Por otra parte, habla muy poco tiempo para pensar en lo sucedido, porque el problema acuciante era terminar La Vista y El Tacto. Con días más cortos teníamos menos luz. A veces parecía que nada más sonar las campanas de la Chapelle para iniciar la jornada de trabajo, volvían a oírse para darla por terminada, con muy poco progreso en la confección de los tapices. El frío no ayudaba. Los talleres de los tejedores son especialmente fríos porque hay que dejar abiertas puertas y ventanas para que haya más luz y porque tampoco se encienden fuegos por temor a las chispas. Muchos talleres cierran o reducen el trabajo durante los meses fríos, pero, por supuesto, Georges no podía hacerlo. Aunque sólo estábamos en Adviento, hacía tanto frío como si la Epifanía no fuera más que un recuerdo. Madeleine colocaba cubos con brasas a los pies de los tejedores, pero apenas se notaba. Tampoco se podía utilizar ropa de mucho abrigo en brazos y hombros, porque dificultaba el trabajo. Se usaban en cambio guantes sin dedos que Christine había tejido con restos de lana, lo que no evitaba los sabañones.
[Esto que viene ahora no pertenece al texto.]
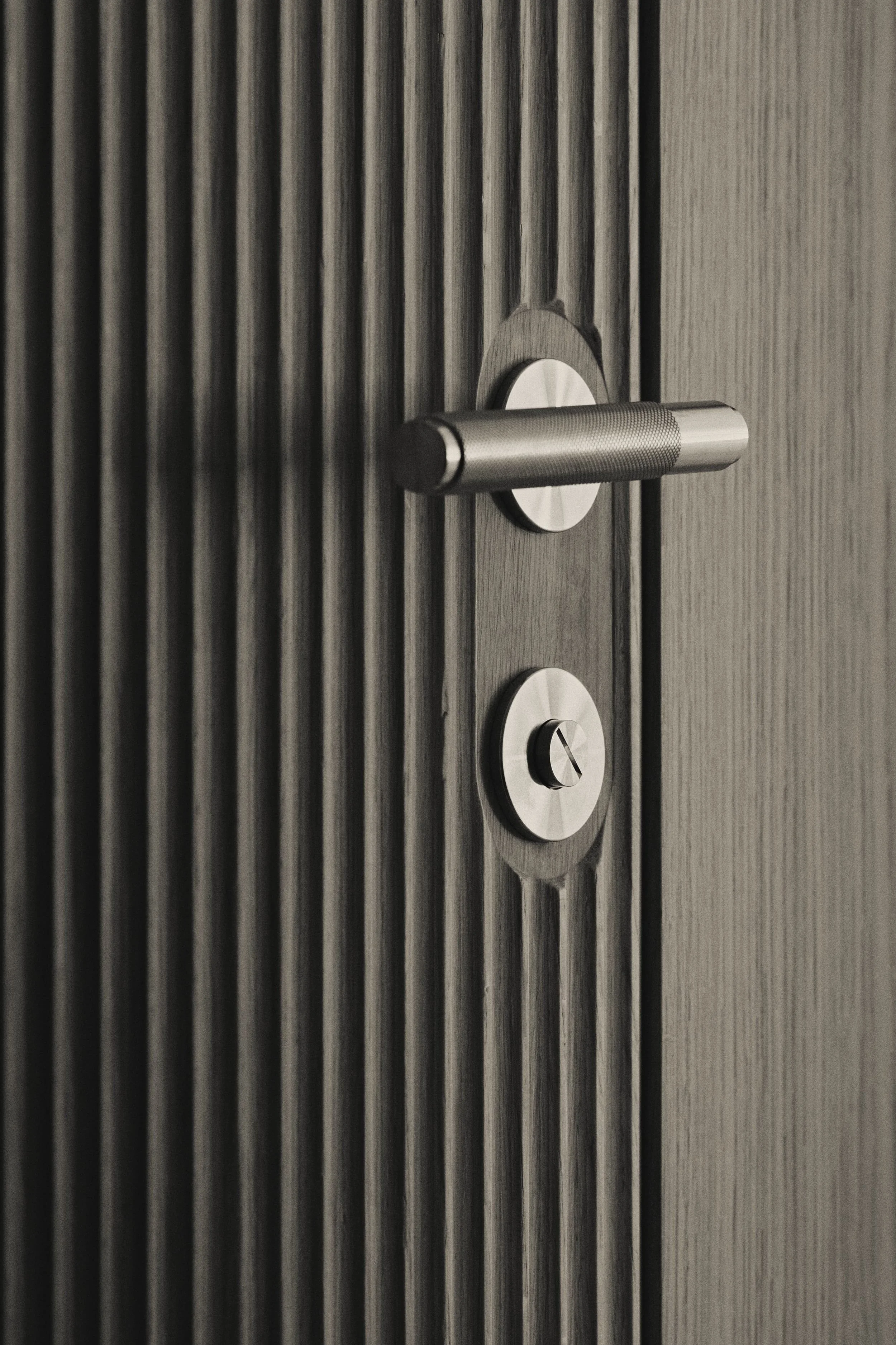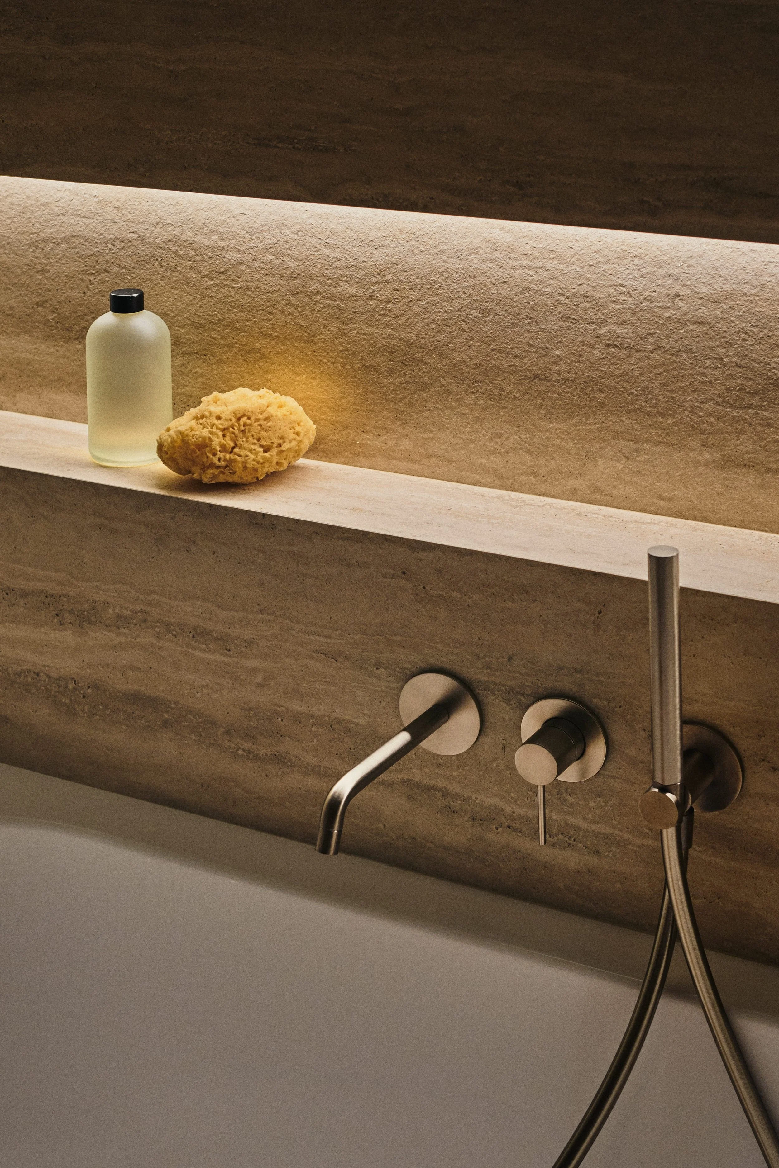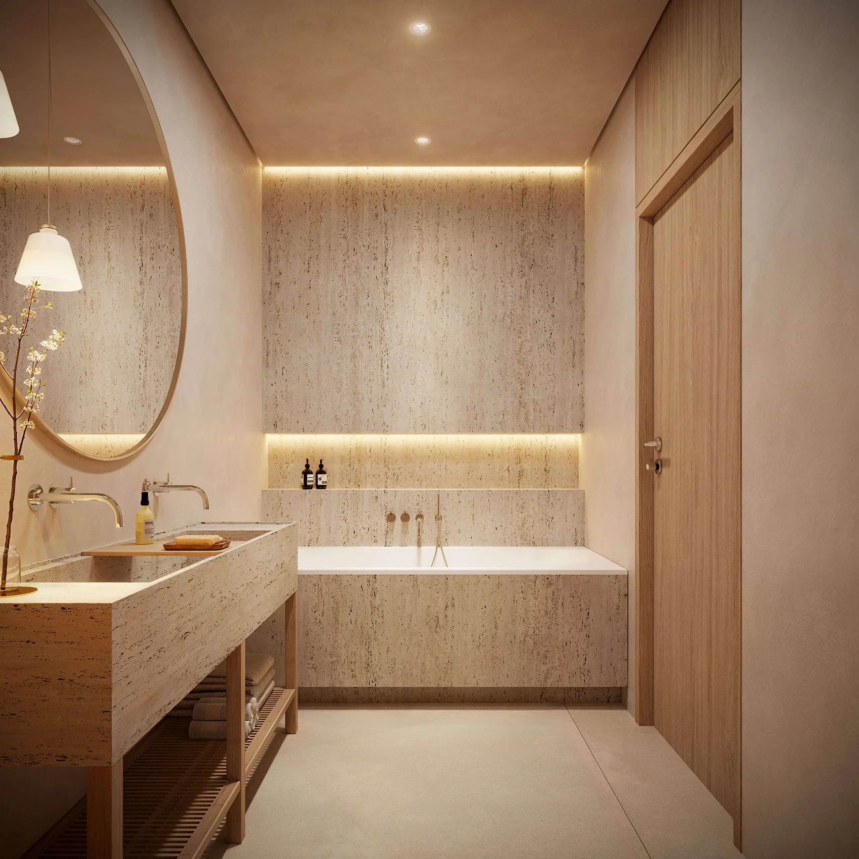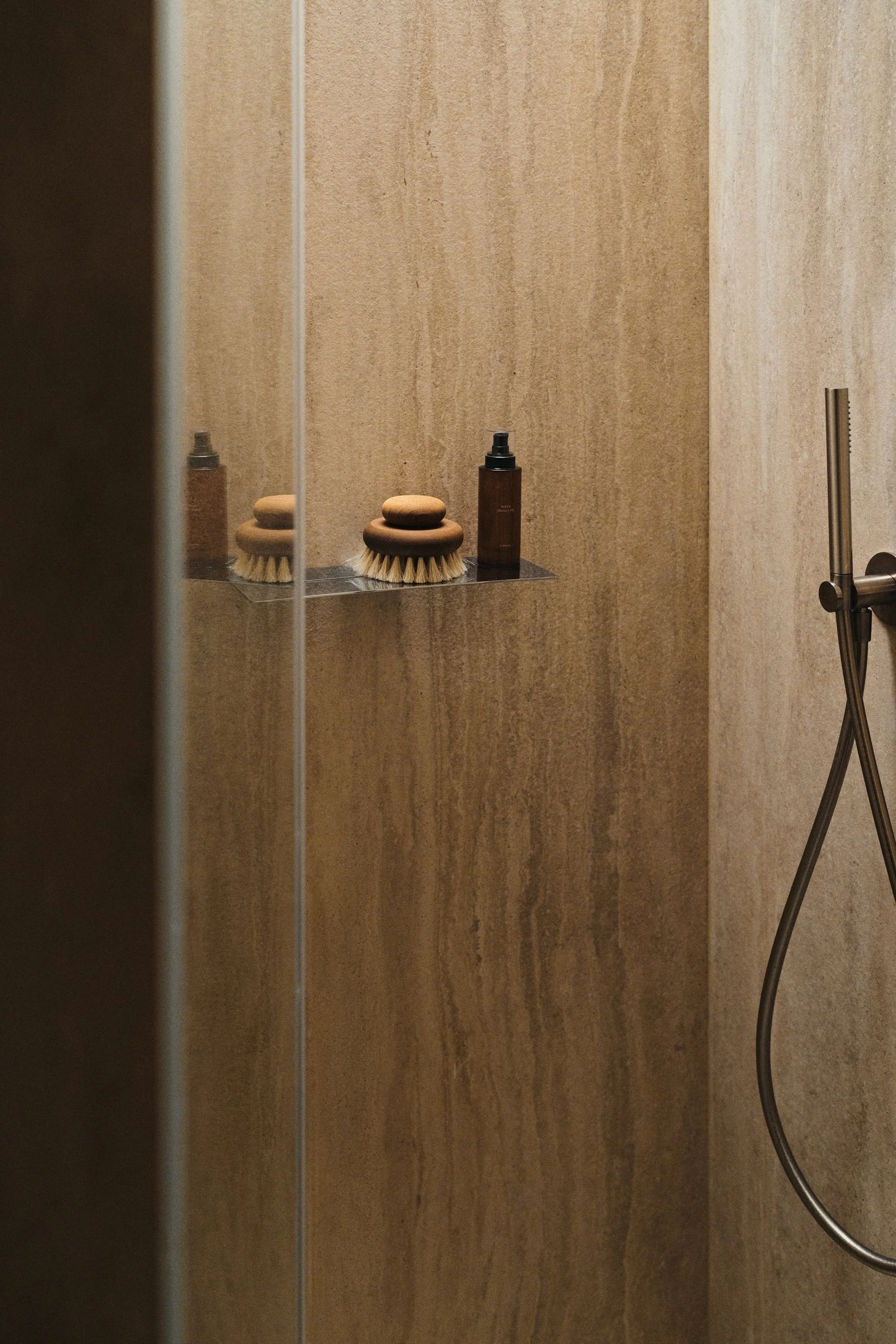 Aranżacja łazienek opiera się świadomej redukcji formy i harmonijnym dialogu kamienia i drewna. Masywna, kamienna bryła umywalki o prostych krawędziach, zestawiona została z lekką, dębową konstrukcją pomocniczą. Okrągłe lustro oraz minimalistyczna armatura ścienna w stalowym wykończeniu wprowadzają subtelny kontrapunkt dla surowości kamienia.

A Georges las escasas horas de trabajo le resultaban especialmente duras. Los meses de preocupación por el encargo de Jean le Viste lo habían marcado. Tenía ojeras pronunciadas y ojos enrojecidos. De la noche a la mañana el pelo pareció volvérsele completamente gris. Se cargó de hombros y hablaba poco y nunca con alegría. Christine no le permitía trabajar los domingos, pero estaba tan cansado que se quedaba dormido en Notre Dame du Sablón tan pronto como se sentaba para oír misa. Nadie trataba de despertarlo, ni siquiera cuando debía ponerse en pie o arrodillarse. El sacerdote no decía nada. Sabía, como todo el mundo, que el taller tenía problemas.
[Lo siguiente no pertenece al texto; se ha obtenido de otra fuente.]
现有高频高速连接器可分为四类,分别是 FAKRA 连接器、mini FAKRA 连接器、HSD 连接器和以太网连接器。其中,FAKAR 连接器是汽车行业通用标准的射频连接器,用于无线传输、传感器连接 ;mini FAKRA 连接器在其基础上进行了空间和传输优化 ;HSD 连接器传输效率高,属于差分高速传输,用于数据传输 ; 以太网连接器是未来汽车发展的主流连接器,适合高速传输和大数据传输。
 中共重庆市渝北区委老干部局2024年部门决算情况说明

Yo iba casi a diario para ayudar. Tampoco tenia cartones que dibujar en otros sitios: los lissiers raras veces reciben nuevos encargos en invierno, una época en la que nadie viaja hacia el norte ni desde París ni desde ningún otro sitio. Además, quería estar allí, aunque sólo fuera para hacer compañía a mi mujer. Aliénor ayudaba a Madeleine, o cosía los tapices cuando había sitio para ella. Pero buena parte del tiempo tanto ella como yo parecíamos gatos que deambulan por callejones en busca de algo que los mantenga ocupados. Era penoso ver a otros trabajar tanto y no ser capaces de hacer lo mismo. Envidiaba la laboriosidad de Christine, aunque todavía me asustaba un tanto verla tejer tapices a los que el Gremio tenía que dar el visto bueno. Por supuesto no decía nada. Era parte de la familia y sabía guardar sus secretos.
Apenas celebramos la Navidad. Es verdad que se festejó la Nochebuena, aunque la comida fue poca y carente de interés, sin dinero para carne, pasteles o vino. Sólo Joseph y Thomas no trabajaron el día de San Esteban. Christine acudió a misa el día de los Inocentes, e insistió en que todo el mundo fuera a Notre Dame du Sablon en la fiesta de la Epifanía, aunque después trabajáramos en lugar de celebrarla. Para entonces ni siquiera Joseph y Thomas se incorporaron al júbilo de las calles, porque estaban a punto de acabar El Tacto y querían terminar de una vez.